Professional Associations
The World Bank (2010) writes that a good investment climate for tourism, underpinned by a sound tax regime, can play a central role in a government’s growth and development strategy. Yet in many countries, tax systems for the tourism sector are characterized by exemption schemes and instruments that generate little revenue and burden business. The three main issues facing policymakers dealing with tourism taxation are: fiscal incentives, sector-specific levies, and value-added tax (VAT). Such policy options are designed to encourage tourism investments while ensuring sustainable revenue collection. A good business environment for tourism is essential to support the industry’s central role in many countries’ development strategies. Investments in the sector, which has significant growth potential and can have important positive spillovers for the economy. Tourism is a complex industry of numerous subsectors. It is challenging to define exactly what constitutes a tourism product and how to tax it; tourism is not a single commodity, but rather a collection of many different goods and services provided by a wide range of suppliers. The tourism value chain encompasses a variety of different actors, including hotels, air carriers and transport companies, tour operators, travel agents, rental agencies, and countless suppliers from other sectors (World Bank, 2010).
Fig 1 – Tourism in Venice has reached astronomical proportions. Is the money earned by the local economy being taxed to pay for maintenance and upkeep of the buildings?
Everett (2017) writes that tourism has long been regarded as a vehicle of economic prosperity and source of increased revenue. It is one of the world’s largest industries with a global economic contribution of over US$7.6 trillion (£5.8 trillion). The United Nations World Tourism Organisation forecasts that by 2030, the number of international tourist arrivals will reach 1.8 billion.
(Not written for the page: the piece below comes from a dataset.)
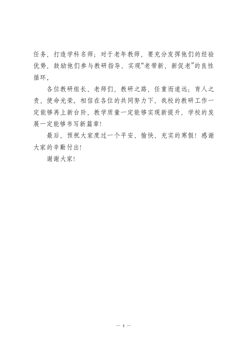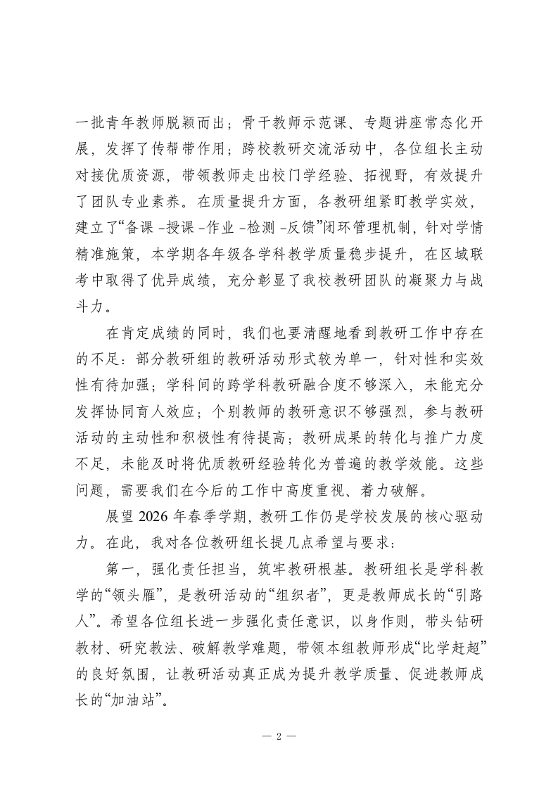 2025秋季学期,期末教研组长总结大会上,校长讲话:以研促教提质量,以责赋能育新人各位教研组长、老师们:大家下午好!时序更替,华章日新。转眼间,2025年秋季学期已近尾声。今天,我们齐聚一堂,召开期未教研组长总结大会,既是对过去一学期教研工作的全面复盘,也是对未来教学质量提升之路的集体谋划。首先,我代表学校领导班子,向各位教研组长致以最诚挚的感谢!感谢大家一学期来以身作则、恪尽职守,带领各学科教师深耕课堂、潜心教研,用专业与担当为学校教学工作筑牢了根基,为学生成长搭建了阶梯。回顾这一学期,在各位组长的引领下,我校教研工作亮点纷呈、成效显著。在课程建设方面,各教研组聚焦核心素养,持续推进新课标落地实践:语文组的“整本书阅读+项目式学习”融合课程,让经典文学走进生活;数学组的“生活化情境教学”改革,有效破解了抽象知识理解难题;理化生组联合开展的“跨学科实验探究”活动,培养了学生的科学思维与协作能力。尤其是英语组牵头的“数字化口语实训平台”建设,借助AI技术实现了个性化教学,得到了师生与家长的广泛认可。在教师成长方面,各组以“磨课、听课、评课”为抓手,搭建了多层次成长平台:青年教师教学基本功大赛中,各组精心指导、反复打磨,1

With one in ten jobs on the planet reliant on tourism (that’s 292m people) and an equivalent worth of 10% global GDP, there is little wonder that host communities want to make the most of the opportunities it brings.
Recently, the Malaysian Government introduced a tax on tourism. The tax, which was implemented in August 2017 is in the form of an extra charge on hotel and hostel accommodation, according to the Royal Malaysian Customs Department.
Tourists staying in non-rated accommodation are charged an extra amount per room per night; tourists booking stays in one, two and three- star hotels have to pay extra per room per night; four -star hotel guests are charged even more and those booking five-star accommodation have to pay additional premium sums per room per night. This is imposed on all visitors — both foreign tourists and Malaysian nationals — staying in accommodation for either leisure, religious, holiday or business purposes. Accommodation includes any premise registered by the Commissioner under the Tourism Industry Act 1992. This includes hotels, hostels, inns, and boarding houses. According to the Royal Malaysian Customs Department, the revenue earned from the tourism tax will “enhance” the experience for visitors to Malaysia. “The returns will be used to develop the tourism industry, namely the enhancement of tourism infrastructure and facilities as well as tourism promotional activities and campaigns for the country.” It will also be used to “protect, preserve and conserve” Malaysia’s environment, culture and heritage (news.com.au, 2017).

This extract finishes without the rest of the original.